Megan Ward (born September 24, 1969) is an American actress. She is best known for her numerous credits in science fiction and horror movies and television series. In 2007, she joined the cast of the American daytime drama General Hospital as Kate Howard. She also appeared in the 1990s comedies Encino Man, Freaked, PCU, The Brady Bunch Movie, and Joe's Apartment.

==Early life==
Ward, born on September 24, 1969, in Los Angeles, California, is the youngest of four siblings, and her parents were both professional actors and acting coaches. When Ward was four years old in 1973, her family moved to Honolulu, Hawaii. At the age of nine in 1979, she began doing commercials for local department stores. In her early teens, she went to Japan for modeling jobs and stayed for several years. Having previously learned to speak the language from her schooling in Hawaii, she landed a job hosting a Japanese television show, Science Q, a science TV program broadcast in NHK from 1988 to February 1989.

==Career==
After graduating from Kaiser High School, Ward moved to Los Angeles to pursue an acting career, and secured roles in science-fiction and comedy movies (including leading roles in Charles Band's classics Crash and Burn, Trancers II and Trancers III (as Jack Deth's future-wife), Arcade, and the 1993 Tom Stern/Alex Winter horror/comedy Freaked). She is also well known for playing Robyn Sweeney, the teen crush of Dave (played by Sean Astin), in the 1992 comedy Encino Man.

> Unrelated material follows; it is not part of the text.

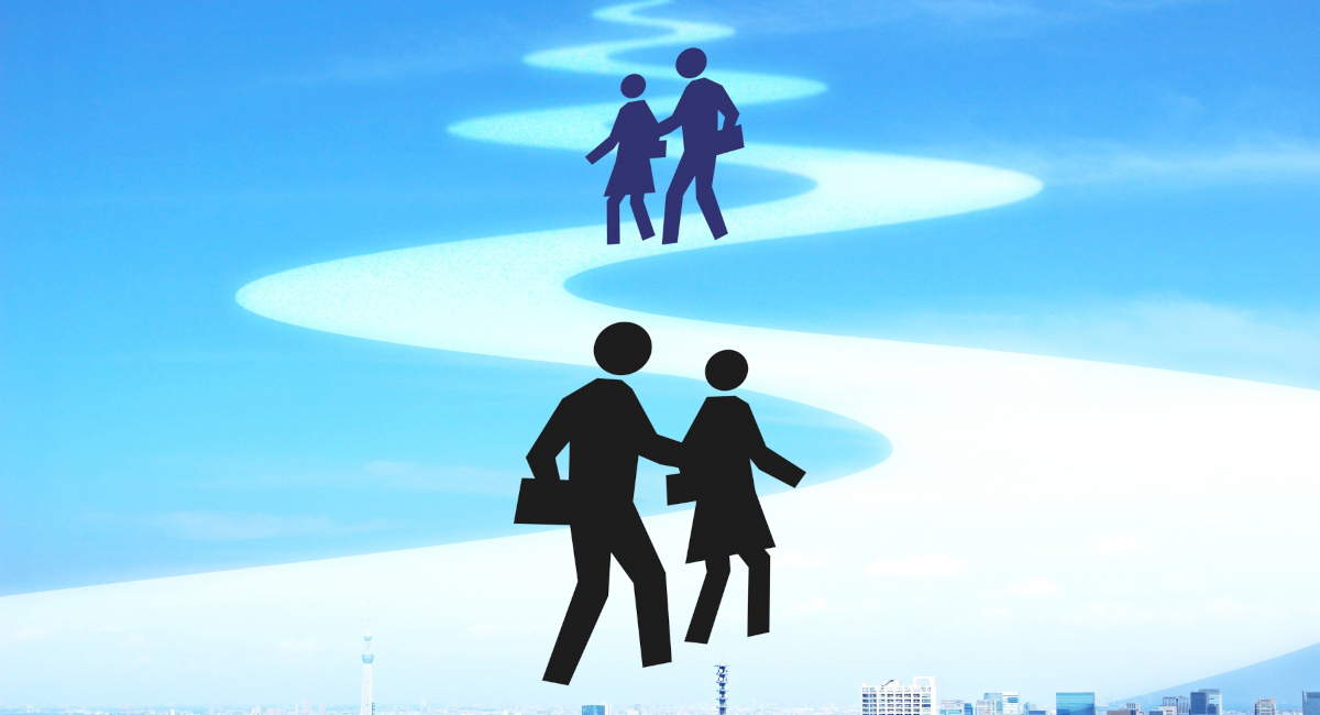 ふたりは同じ向きに進んでいます。
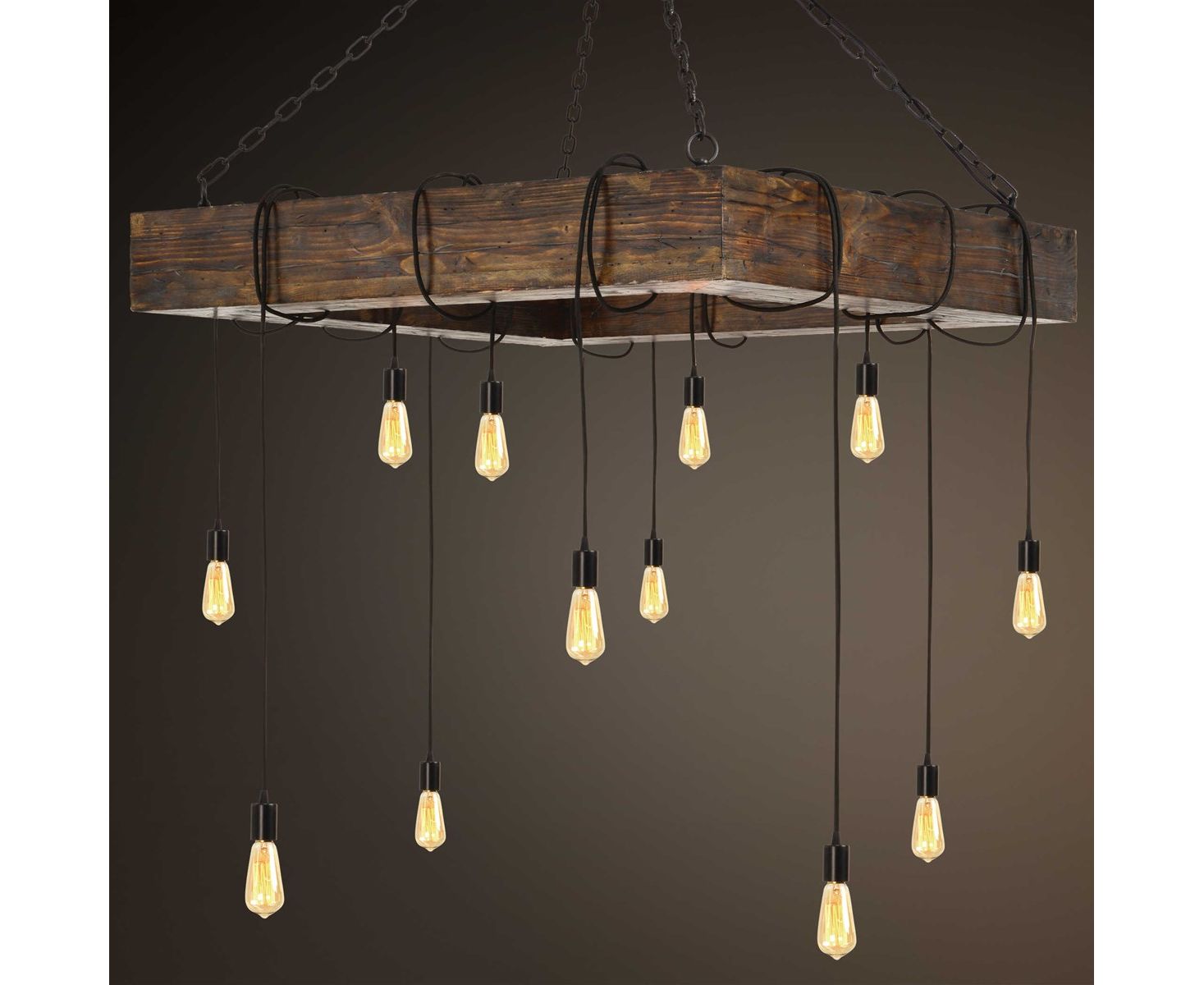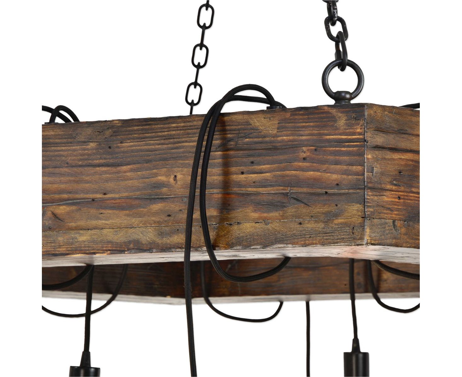 Грубая подвеска с рельефными узорами из окрашенного дерева с элементами из темной бронзы и тяжелой цепью. Эта подвеска включает лампы старинного декоративного стиля BT58 мощностью 9-60 Вт, которые подвешены на покрытых тканью шнурах, которые обертывают вокруг дерева, усиливая его деревенскую привлекательность.

In the mid-1990s, Ward had a recurring role on the show Party of Five. Following the exit of her Party of Five character, Ward took the lead role in the Cold War UFO thriller-series Dark Skies. Since the cancellation of Dark Skies, she was appearing in mainly direct-to-video films such as Tick Tock and Mirror Man as well as TV series such as Summerland, Sports Night, Kevin Hill, and Boomtown, in which she had a substantial part.

She later debuted as Kate Howard on General Hospital on May 4, 2007. Ward was taken off contract in March 2009 and remained on the series as a recurring character. In 2010, Ward was dropped completely from the cast of General Hospital. She made a special guest appearance on the show in 2018. Ward has also made a guest appearance on CSI: NY.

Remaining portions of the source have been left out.